The Fall
Finally, they also undertook a directional trade (purely speculative), betting on the Russian currency not getting devalued despite the trouble Russia was having in servicing its external debt. After four years of majestic performance, the chain reaction started by the Russian government finally defaulting on its external debt and the Russian currency getting devalued earned the fund its first loss. Shock waves of this event were felt in all markets and asset classes that the fund had invested in, and the finely tuned risk measures went haywire as all their trades seemed to be perfectly correlated. Losses started spiralling for the fund in each and every trade it held. The traders were increasingly dazed and stupefied by their strategies backfiring so badly. The high leverage to start with, combined with the diminishing equity of the fund on account of the losses, led to the leverage climbing, at its worst, to 100:1. The fund was close to bankruptcy in the span of five weeks. News of LTCM’s difficulties trickled out and traders, being a heartless tribe, started taking opposite positions in LTCM’s trades, hammering the fund further.
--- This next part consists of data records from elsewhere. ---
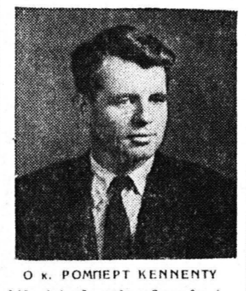
Ο κ. ΡΟΜΠΕΡΤ ΚΕΝΝΕΤΥ
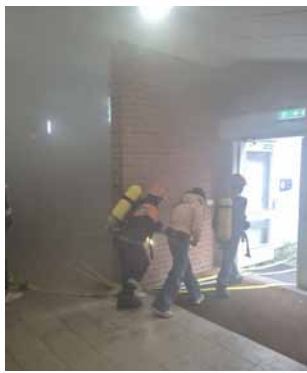
Brand im Klassenzimmer

Aber auch bei den Einsätzen hatten sich unsere Betreuer mächtig ins Zeug gelegt, um anspruchsvolle und vor allem einsatzrealistische Lagen zu bieten: einen in echt gefluteten Schacht galt es auszupumpen oder ein verrauchtes Klassenzimmer abzusuchen und mehrere Schüler ins Freie zu bringen, die vom Schulsanitätsdienst versorgt wurden.
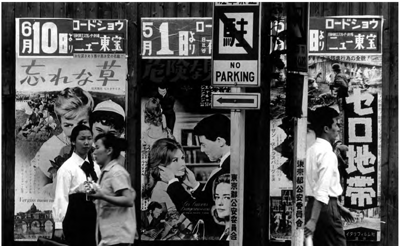
© William Klein Les liaisons dangereuses, Tokyo, 1961
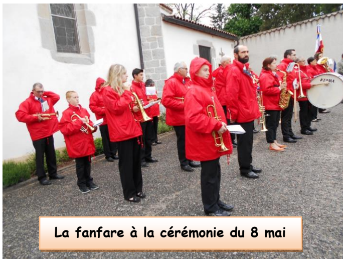
La fanfare à la cérémonie du 8 mai
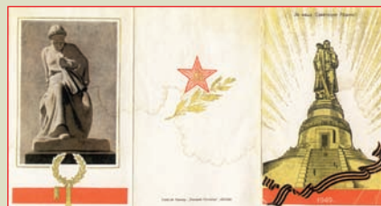
Билет на открытие памятника советским воинам в Берлине 8 мая 1949 г.
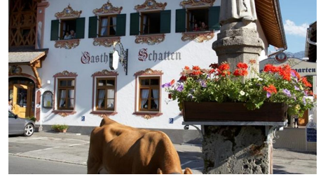
Antonius Brunnen vorm Hotel mit Butterhirschen
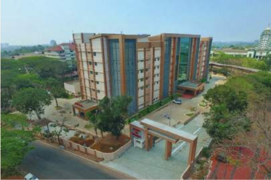
നടപ്പുസൂപ്പർ സ്പെഷ്യാലിറ്റി ബ്ലോക്ക്, കോഴിക്കോട് മെഡിക്കൽ കോളേജ്

നിർമ്മിക്കുന്നതിന് ഭരണാനുമതി നൽകിയിട്ടുണ്ട്. സാമ്പത്തികാനുമതി ലഭ്യമാക്കി നിർമ്മാണം നടത്തുന്നതിനുള്ള നടപടികൾ സ്വീകരിച്ച് വരുന്നു. കോന്നി മെഡിക്കൽ കോളേജിന്റെ രണ്ടാംഘട്ട നിർമ്മാണ പ്രവർത്തനങ്ങൾക്ക് 218 കോടി രൂപയുടെ സാമ്പത്തികാനുമതി കിഫ്ബി വഴി ലഭ്യമായതിന്റെ ഭാഗമായി മെഡിക്കൽ കോളേജിന് ആവശ്യമായ കാർട്ടേജ്സ്, ആശുപത്രി ബ്ലോക്കിന്റെ രണ്ടാം ഘട്ടം, വിദ്യാർത്ഥികളുടെ ഹോസ്റ്റലുകൾ മുതലായവ നിർമ്മാണം ആരംഭിച്ചിട്ടുണ്ട്. ഇതിൽ ഹോസ്റ്റലുകളുടെ നിർമ്മാണം അവസാന ഘട്ടത്തിലാണ്. കോന്നി മെഡിക്കൽ കോളേജിന്റെ ആദ്യഘട്ട നിർമ്മാണ പ്രവർത്തനങ്ങൾ പൂർത്തിയാക്കുന്നതിനും ഉപകരണങ്ങളും, ഓപ്പറേഷൻ തീയറ്ററുകൾ സജ്ജീകരിക്കുന്നതിനുമായി 19.5 കോടി രൂപ കിഫ്ബി വഴി അനുവദിക്കുകയും, ടി നിർമ്മാണ / വാങ്ങൽ നടപടികൾ പുരോഗമിച്ചു വരുന്നു. എറണാകുളം മെഡിക്കൽ കോളേജിന്റെ പുരോഗതിയ്ക്കായി 285.31 കോടി രൂപ കിഫ്ബി വഴി അനുവദിച്ച പുതിയ സൂപ്പർ സ്പെഷ്യാലിറ്റി ആശുപത്രി കെട്ടിടം നിർമ്മിച്ചു വരുന്നു. നിർമ്മാണം അവസാനഘട്ടത്തിലാണ്. തിരുവനന്തപുരം മെഡിക്കൽ കോളേജിന്റെ സമഗ്ര വികസനത്തിനായി കിഫ്ബി വഴി 717 കോടി രൂപയുടെ അനുമതി നൽകുകയും, ഇതിൽ 58 കോടി രൂപയുടെ ആദ്യഘട്ട നിർമ്മാണ പ്രവർത്തനങ്ങളുടെ ഭാഗമായി മെഡിക്കൽ കോളേജിലെ 6 പ്രധാന റോഡുകളും, യാത്രാക്കുരുക്ക് പരിഹരിക്കുന്നതിനായി നിർമ്മിച്ച മേൽപ്പാലത്തിന്റെയും നിർമ്മാണങ്ങൾ പൂർത്തിയാക്കിയിട്ടുണ്ട്. രണ്ടാം ഘട്ട നിർമ്മാണ പ്രവർത്തനങ്ങൾക്ക് 194.32
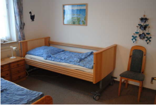
Schlafräum mit Pflegebett
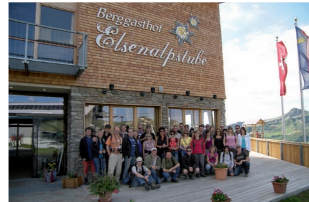
Ausflug nach Damüls 2009

Thus, so suddenly, the time had come to save the fund from bankruptcy. Even though its equity was hammered, the assets measured upto $130 billion or so, and the size of the derivatives book was many times larger. It is incredible how, with so much pressure on him, Meriwether remained outwardly calm and set about the task of raising equity for the fund in earnest. The top investment banks’ exposures to the fund were enormous, although not on the same scale. Saving the fund in some way was imperative. However, Wall Street is a ruthlessly competitive place, and any proposal that involved many investment banks coming together to launch a joint rescue effort would be extremely difficult to devise. Goldman Sachs, in particular, played hardball and milked LTCM by invading their offices and downloading their trades in the name of auditing their books. LTCM, the highly secretive outfit, was out in the open now.
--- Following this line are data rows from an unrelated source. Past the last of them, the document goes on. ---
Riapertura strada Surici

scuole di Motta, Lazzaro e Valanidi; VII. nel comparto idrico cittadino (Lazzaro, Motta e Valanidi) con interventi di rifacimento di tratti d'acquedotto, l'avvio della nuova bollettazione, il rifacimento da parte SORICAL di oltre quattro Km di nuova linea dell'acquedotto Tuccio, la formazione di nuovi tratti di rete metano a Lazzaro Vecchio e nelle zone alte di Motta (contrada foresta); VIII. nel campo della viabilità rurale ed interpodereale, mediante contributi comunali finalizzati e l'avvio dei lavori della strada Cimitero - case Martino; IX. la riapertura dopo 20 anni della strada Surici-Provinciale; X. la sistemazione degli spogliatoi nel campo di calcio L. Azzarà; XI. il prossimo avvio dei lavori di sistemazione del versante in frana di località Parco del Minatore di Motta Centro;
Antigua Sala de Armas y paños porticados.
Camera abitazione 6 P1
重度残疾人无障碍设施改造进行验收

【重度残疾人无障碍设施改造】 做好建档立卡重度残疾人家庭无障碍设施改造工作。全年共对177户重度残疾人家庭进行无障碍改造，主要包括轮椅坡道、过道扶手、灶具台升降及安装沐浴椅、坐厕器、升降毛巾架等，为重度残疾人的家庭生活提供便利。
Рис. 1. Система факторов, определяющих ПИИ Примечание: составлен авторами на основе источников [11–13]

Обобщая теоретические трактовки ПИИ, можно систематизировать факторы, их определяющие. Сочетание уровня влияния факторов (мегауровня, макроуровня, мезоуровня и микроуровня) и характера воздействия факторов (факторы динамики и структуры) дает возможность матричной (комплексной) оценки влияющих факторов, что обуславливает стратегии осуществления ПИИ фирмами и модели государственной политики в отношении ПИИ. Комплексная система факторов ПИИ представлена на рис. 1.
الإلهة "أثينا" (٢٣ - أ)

In the climax, the US Federal Reserve had to reluctantly intervene and play a facilitating part in bringing the bankers together and asking them to thrash out a rescue plan. While Herb Allison of Merrill Lynch was the chief architect of the plan, his job was made vastly more difficult by the recalcitrant attitude of the 25 top investment bankers invited. The description of these last few days’ activities sets your pulse racing. A joint rescue plan did materialize, and the powers of LTCM’s freewheeling, arrogant traders were cut drastically. Infusion of new equity, however, did not stop the fund from making losses, even as the erstwhile partners were under pressure to pair the earlier trades, an extremely difficult job with 60,000 trades!
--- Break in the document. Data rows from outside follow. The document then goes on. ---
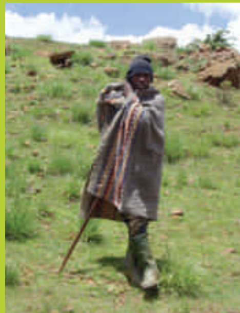
Ein Basotho-Hirte unterwegs
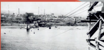
Вид с воды, на котором делаются фото, на колонистов в этот момент бежал
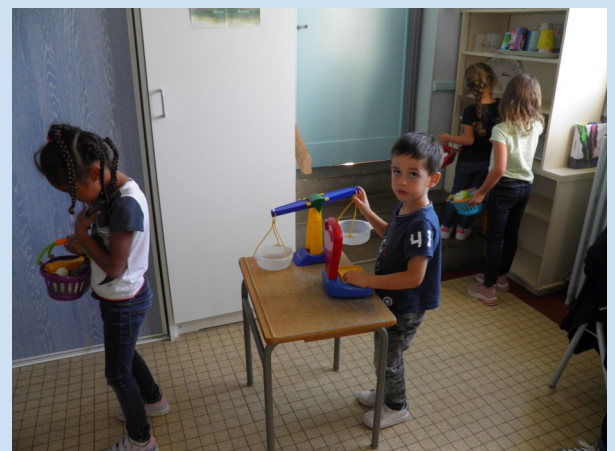
Le magasin de fruits et de légumes
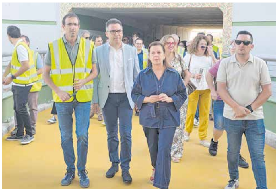
Autoritats i tècnics el dia de la inauguració de la nova infraestructura.

L'acte d'inauguració ha tingut lloc este mes de juliol i va comptar amb la presència de la diputada de Carreteres i vicepresidenta de la Diputació, Reme Mazzolari, així com diversos alcaldes i alcaldesses de municipis de la comarca. Mazzolari va posar en valor el caràcter transformador de
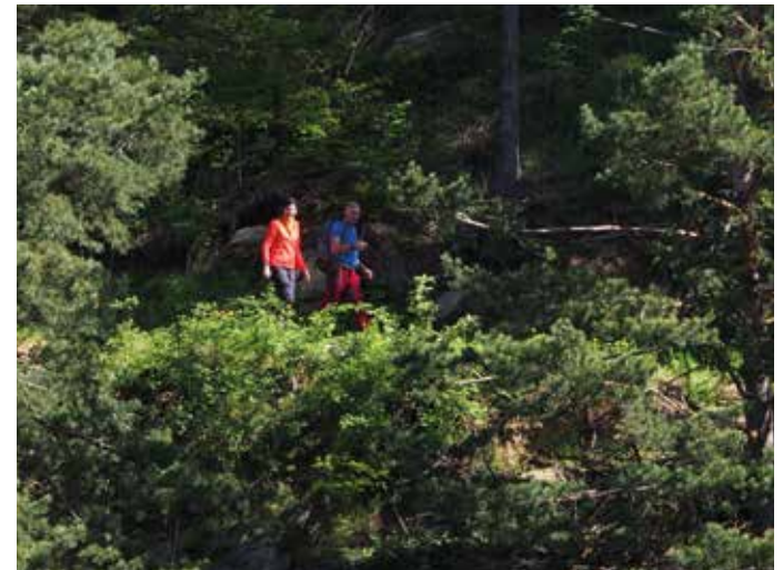
04/05 Bewegung ist unsere Natur.

In Rastensfeld ist kein Tag wie der andere - hier kann man mitten in der Waldviertler Landschaft herrlich golfen, umrahmt von Naturschönheiten wandern, über dem Wasser klettern oder einfach die Seele baumeln lassen.

It was inevitable that the traders, bound hand and foot, and not used to such an experience, quickly upped and left. But what was a bit more surprising was Meriwether, Hilibrand and Rosenfeld actually started a new hedge fund! So much for this harrowing experience. As for the Nobel laureates, Scholes was employed as a risk consultant to a Wall Street firm and Merton went back to academics.
Conclusion
The book has two clear tracks, the one enjoyable and the other informative and instructive. One track is the pacy narrative, and the thrilling climax. The other track gives valuable insights into money management and trading, including operational details of repo financing, road shows, fund management vis-a-vis investors, aggregated risk measurement across all the fund’s trades, negotiations in a complex rescue plan, etc. Perhaps, the addition of a technical appendix outlining some basic strategies of the fund with complete hypothetical examples, from spotting an opportunity to devising the trade to financing it to executing it and monitoring risk, would make the book more complete and more valuable, especially to the student of finance.